Most of Cronenberg’s films take place in some strange, surreal world that might somehow be our own if not for a couple of quirks. In the case of COSMOPOLIS, it’s envisioning a car ride to the barbershop as a dialogue-driven twilight zone for prostate exams, sex and shoot-outs. But it might as well be a neon-lit trance club for the electric groove that Shore and Metric give the bad trip. Having previously worked with the alt. band on songs for the far more normal vampiric affair of the TWILIGHT entry ECLIPSE, the collaborators find equally sanguine trance rhythms for star Robert Pattison here, voices, electric guitars, moody beats and liquid melodies creating an environment of hallucinatory beauty.
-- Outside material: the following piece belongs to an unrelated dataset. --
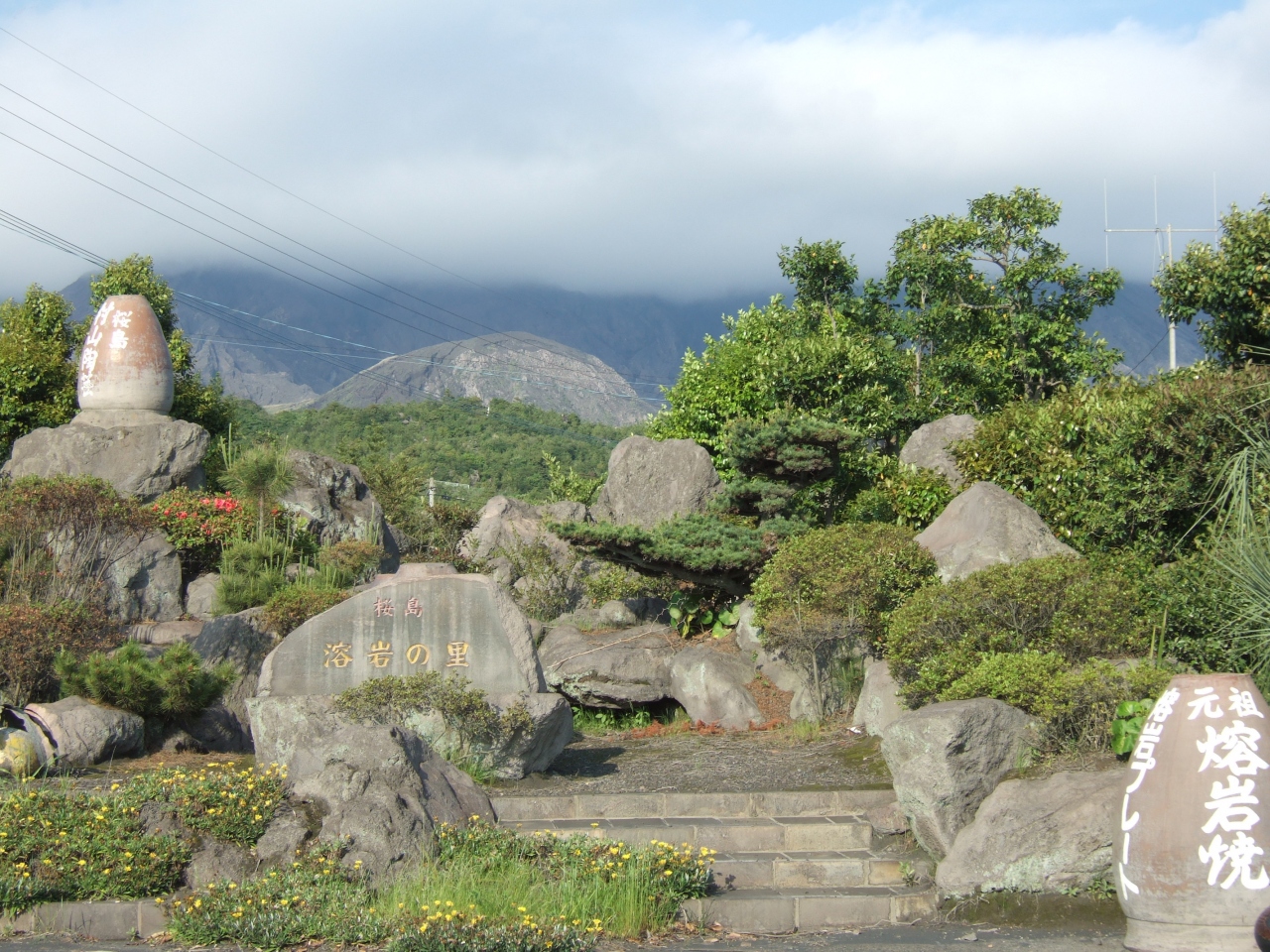 その裏には足湯があり溶岩遊歩道もあります。
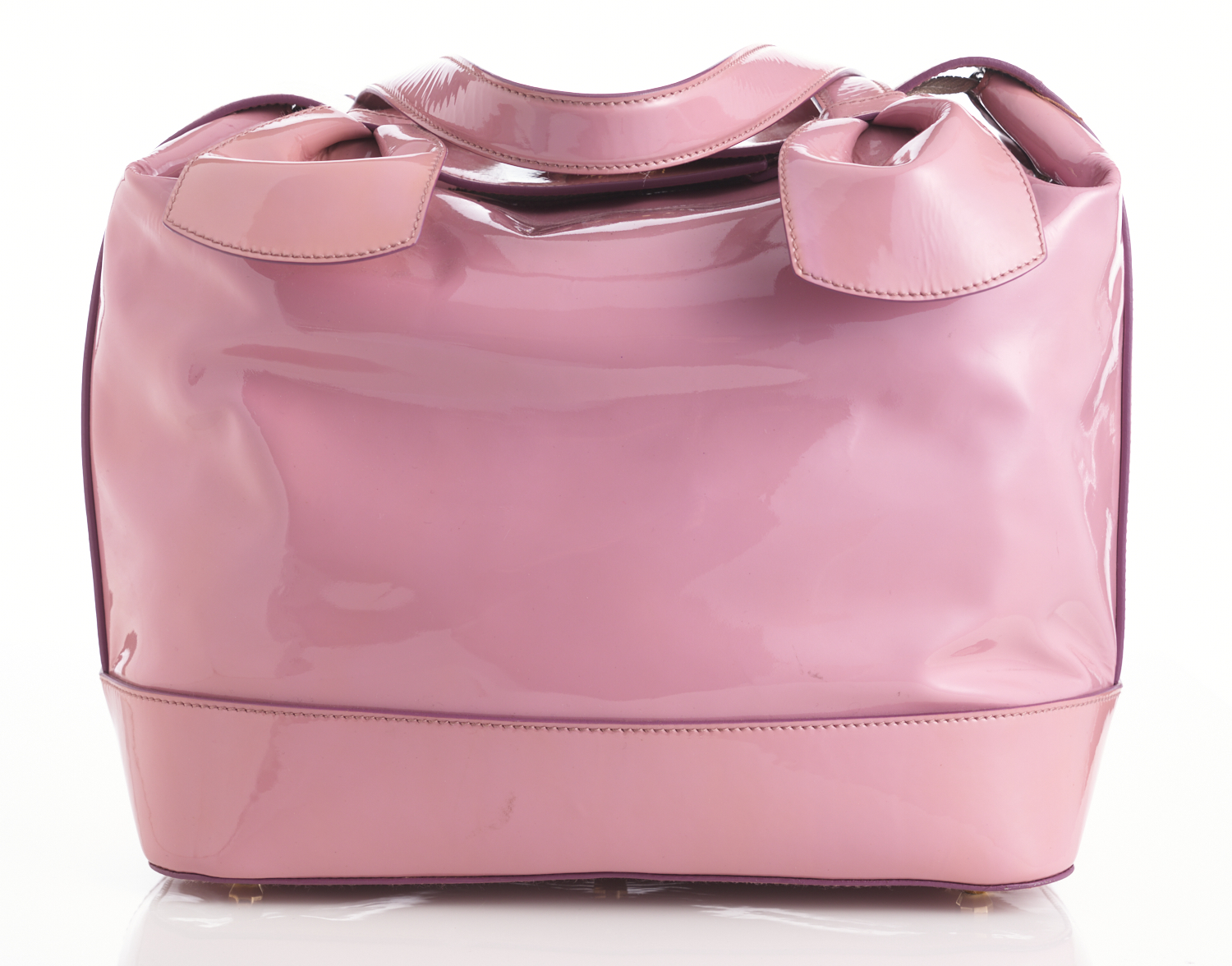 A VICTOR AND ROLF HANDBAG IN DUSTY ROSE PINK PATENT LEATHER, WITH LIGHT GOLD PROTECTIVE FEET AND ZIP AND BUCKLE CLOSURE

There’s a real intelligence to the rock-alt. material here that goes beyond many indie star-composer collaborations. And though Shore’s often a composer of heavy-duty orchestral material, what impresses about COSMOPOLIS is how ethereal Shore’s work is, poetically waving its fingers through the fog of the character’s mind-blown ennui without solidly settling on anything you could discern as a traditional theme. As such, COSMOPOLIS‘ analog rhythms easily rank as Shore’s most accessible experimental score for Cronenberg, as well as his own boundary-stretching musical career. Consider this the far more pleasant version of CRASH‘s backseat rumble if you will.
Beyond hearing how well Metric’s sound can factor into a movie score, the band’s fans will certainly dig hearing their song “Long To Live” (joined by K’naan’s “Mecca”) on the COSMOPOLIS soundtrack – with their perceptions of Metric’s abilities doubtlessly in an altered state by ride’s end.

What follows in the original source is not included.